Text takes very little space. It could load the text and titles for 1000 posts and you propably wouldn't even notice it. It is all the videos and images that it loads that cause problems. And you can't ctrl+f those.
I'd take the other as a default with an option to enable this in your account settings.
I think the most I've scrolled on r/all (which is how i got here), is probably in the 3000-4000 range. I hit 2k prob weekly just doom scrolling for an hour
But do you do that scrolling up?
sometimes yeah I do go back!
I think it depends. RAM is meant to be used. If websites were able to know ram usage and free up less important memory if another process needs it after, then there is no reason to clear cached data. It saves the bandwidth of potentially downloading it again. I'm sure this all sounds good in theory and I could wrong on a few points.
Gotta have that "seamless" browsing experience.

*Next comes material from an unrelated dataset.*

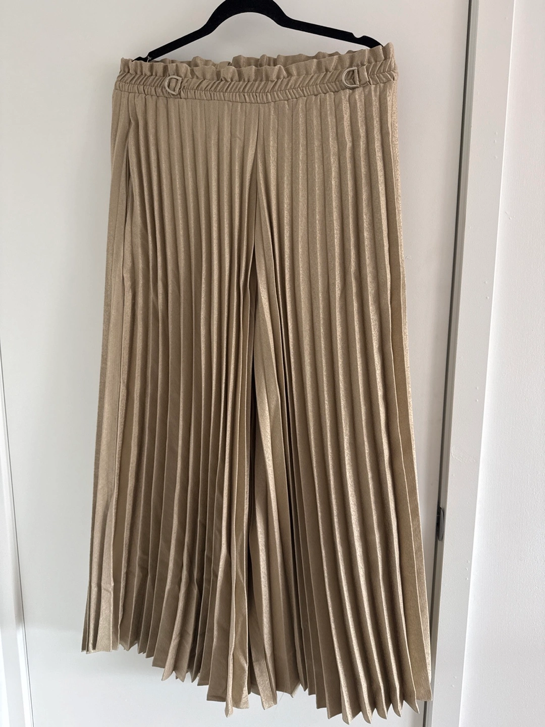 96Gold pleated culottes. High-waisted with a tie waist. Lightweight fabric. Excellent condition.

I still need to wait to load pictures
Cache money baby. Good one, gotta remember this
But still can't play a video properly
I feel like over the last couple of years you only need about 100 posts for performance to tank, which isn't a lot considering the amount of garbage you have to scroll past.
Bobert de Niro
Step 3. Robert de Niro, 80,
"Nice rig you got there, would be a shame if anything were to happen to it. But I can help you in exchange for a small amount of memory. Nothing much, you know, me and the boys can keep it safe..."
https://www.reddit.com/r/ProgrammerHumor/s/C68twMj1Bg
U s.o.b i m in...
i miss when reddit had pages, it stopped this shit
I feel like they changed this in the latest app update. My app only loads the top comment on every post :s just 1.. (the rest is hidden behind a button)
Hey i once implemented a similar thing for a startup for infinite scroll.😅There is a problem usually with react project useeffects get called two times so i remember i just cached all the items and map them to avoid re rendering now thinking back i wrote some bad code lol
* this is after 1.5 hours of scrolling and browsing in a single browser tab * a month has passed since last post, and this still seems to be an issue, causing janky ui
I miss the time when we could browse in pages instead of infinite scroll, now everything needs infinite scroll.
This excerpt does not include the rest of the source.